What you should do:
Retype, word for word, each line between the lines holding "오늘 다스람요양병원에서는 암" and "Penteadeira Escrivaninha De", inclusive, and leave the rest of the data alone.

Material provided:
- Opening Delimiter -
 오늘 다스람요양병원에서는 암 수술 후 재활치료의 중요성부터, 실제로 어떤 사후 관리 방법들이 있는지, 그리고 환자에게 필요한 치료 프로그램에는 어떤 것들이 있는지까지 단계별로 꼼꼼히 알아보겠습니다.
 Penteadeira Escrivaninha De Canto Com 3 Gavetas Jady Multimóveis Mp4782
- Closing Delimiter -
- Opening Delimiter -
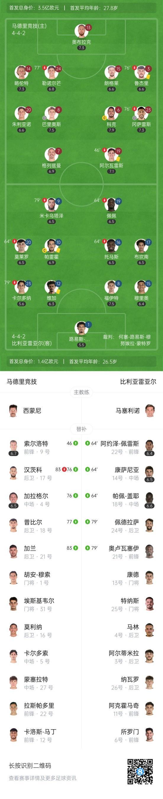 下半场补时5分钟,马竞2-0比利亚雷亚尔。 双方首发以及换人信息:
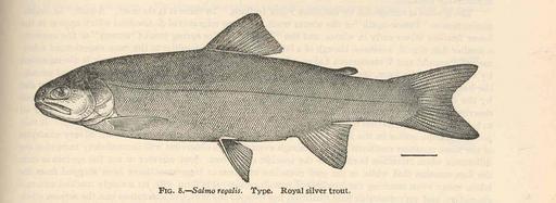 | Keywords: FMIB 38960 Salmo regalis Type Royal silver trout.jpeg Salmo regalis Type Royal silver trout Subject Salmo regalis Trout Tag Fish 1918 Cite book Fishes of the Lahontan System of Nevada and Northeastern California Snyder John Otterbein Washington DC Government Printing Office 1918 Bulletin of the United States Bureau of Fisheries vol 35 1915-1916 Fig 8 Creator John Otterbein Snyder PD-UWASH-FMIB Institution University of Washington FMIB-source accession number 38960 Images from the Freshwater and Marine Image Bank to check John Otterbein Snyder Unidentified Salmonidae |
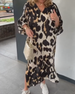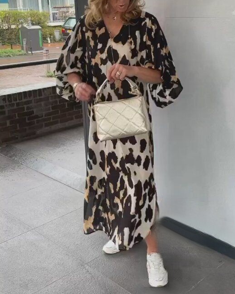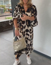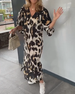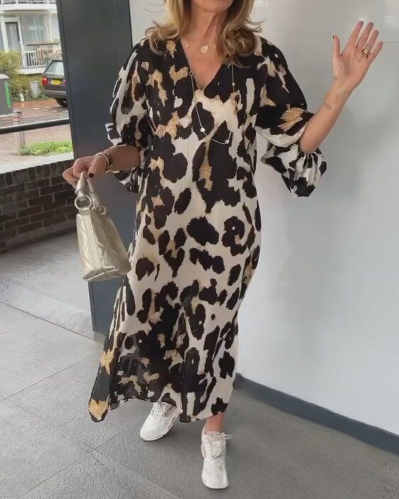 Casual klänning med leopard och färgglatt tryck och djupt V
- Closing Delimiter -
Written answer:
 오늘 다스람요양병원에서는 암 수술 후 재활치료의 중요성부터, 실제로 어떤 사후 관리 방법들이 있는지, 그리고 환자에게 필요한 치료 프로그램에는 어떤 것들이 있는지까지 단계별로 꼼꼼히 알아보겠습니다.
 Penteadeira Escrivaninha De Canto Com 3 Gavetas Jady Multimóveis Mp4782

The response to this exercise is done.